甘い生活を夢見る私は、甘くない彼に甘やかされる
LIFE.4

「――……あ、空き巣が入ったワケじゃ無ぇよな……?」


 言われるままに部屋の鍵を開けてしまった私は、玄関を一歩入ったところで固まった先輩の一言に、ヒザから崩れ落ちる。

「違いますぅ!……か、片付ける時間が……」
「……時間以前の問題だろ、コレ。

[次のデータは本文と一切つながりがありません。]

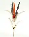 - Les plumes décoratives qui servaient à réaliser des fleurs artificielles provenaient essentiellement des colibris et des perroquets, mais parfois aussi de plumes de poule et pintade teintées;
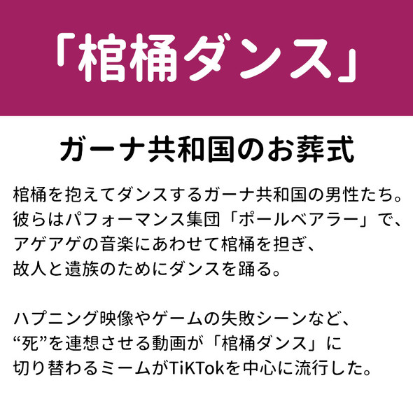 ハプニング映像やゲームの失敗シーンなど、“死”を連想させる動画が「棺桶ダンス」に突然切り替わるネットミームがTiKTokを中心に流行した。
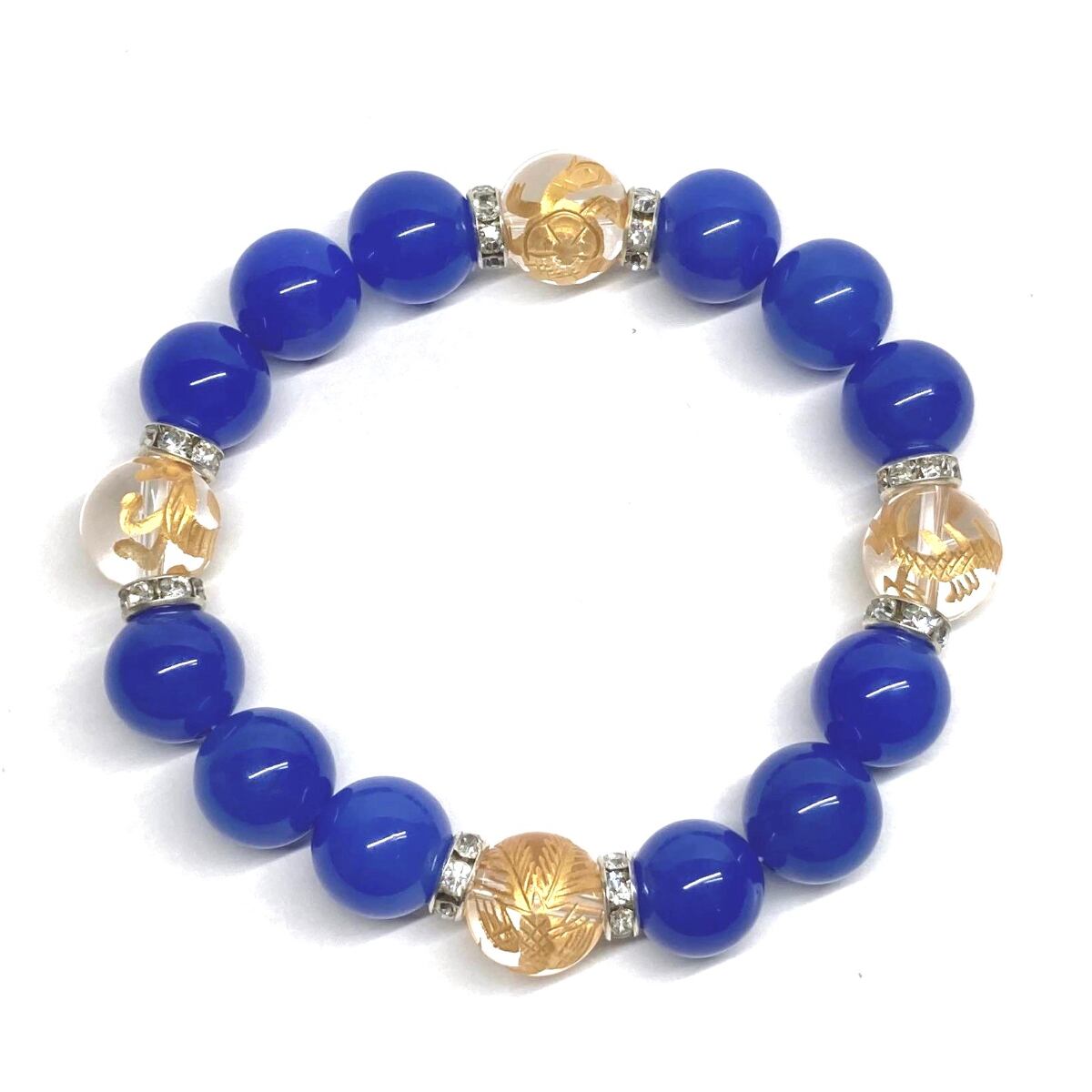 ご覧頂いているブレスレットは、四神獣金彫水晶と青瑪瑙を組み合わせたブレスレット。守り神である四神とパワーストーンの組み合わせで運気の流れを引き寄せる強運ブレスレットです。シンプルなデザインで男女問わず、年齢問わずご使用頂けるデザインなっております。シンプルなデザインは日常のアクセントとして、仕事やビジネスカジュアル、パーティーや特別なイベントなど様々なシーン活用できます。また、ちょっと贈り物にも最適なブレスレットになっております。四神獣を身につけて厄災から身を守り、多くの運気を呼び込まれてください。

……明らかに、物が部屋のキャパ超えてるぞ」
 あきれながらも冷静に告げられ、私は酔いもあってか、半泣きで叫ぶ。

「仕方ないじゃないー‼今まで、好きなだけ買っても部屋に置いておけば、誰かしらが片付けてくれてたし!」

「ああ、もう、落ち着け落ち着け」

「日水先輩だって、あきれてるじゃないですかー!どうせ、私は、一人じゃ何もできない人間なんですー!もう、人として終わってるんですー‼」

「落ち着けって!夜中に騒ぐな!」

「先輩だって、大きい声出してるー!」

「あのなぁ……」

 すると、反論しようとした先輩に被せるように、隣から、ドン、と、壁を叩く音。
 私は、その大きさに身をすくめた。
「……おい、隣は男か」
「……知らないもん……。……全部、増沢がやってくれたから……」
「――……もん、って……子供か」
 先輩は、へたり込んだ私の前に座ると、その大きな手を伸ばした。

「え」

 そして、私を、あっさりと抱き上げると、辛うじて見える床をゆっくりと進む。

「え、せ、先輩?」

「――そこのクッション以外に、座れるトコは無さそうだな」

「え・え??」

 どうにか、部屋の中央にあるテーブルの前にたどり着く。
「よっこらせ、っと」
 そんな、おじさんみたいな掛け声をしながら、先輩は私を抱えたまま、へたれたクッションにゆっくりと腰を下ろした。
 その間も、私を抱きかかえる腕は、微動だにしていない。

 ――まるで、人形を持っているよう。

 ――けれど、先輩に包み込まれる感覚は、とても安心できてしまう。

 そんな思いを無理矢理無視して、私は先輩を見上げて言った。
「……先輩、私の事、小さい子供扱いしてるでしょ」
「否定はしねぇが――」
 その返しに、ムッとして顔を上げると、優しく見つめられ、全身が硬直。

 ――ああ、もう!さっきから、一体、何が起きてるのよ!

 そんな私に、先輩は、口元を上げ、諭すように言った。
「自分を女だって認識してんなら、慣れない酒はやめておけ」
「う、うるさい!」
「黙れ。また、壁ドンされるぞ」
「意味がちっ……」
 先輩は、そう叫びかけた私の顔を、自分の広い胸に押し付ける。
「――まったく……もう、寝ろ。明日は休みだし――……」
 けれど、言葉は止まる。

 視線の先には、今日のコーディネイトを悩んだ結果、ベッドの上に広げられた服が数十着。
 見回せば、雑貨や小物、アクセサリーはテーブルの上、メイクグッズやヘアケアアイテムは床一面。
 その辺に入りきらなかったアレコレは、もう、どこに何を置いているのかも、わからない。

「……ま、増沢が昨日片付けてくれたんですけどぉ……」

「――……おい、津雲田。……今日は、泊まるぞ」

「え!!?」

 ギョッとして顔を上げれば、しかめっ面の日水先輩。
「……アホ。この状況で襲えると思うか。萎えるわ」
「なっ、なっ……」
 あまりに直接的に言われ、私の顔は熱を持つ。

 ――彼氏を探し始めてから、もう一年。
 ――未だに、成功率はゼロパーセント。

 ――……そう。私は、まごう事無き――処女なのだ。

 けれど、固まっている私をよそに、先輩は、子供をなだめるように、あっさりと続ける。

「明日、一緒に片付けてやるから、な?」

「――……ハァイ……」

 若干、あきれたように言われるが、うつらうつらしてきた私は、適当にうなづくだけ。

 ――けれど――先輩の温もりで、ゆっくりと眠りに落ちていく事ができた――。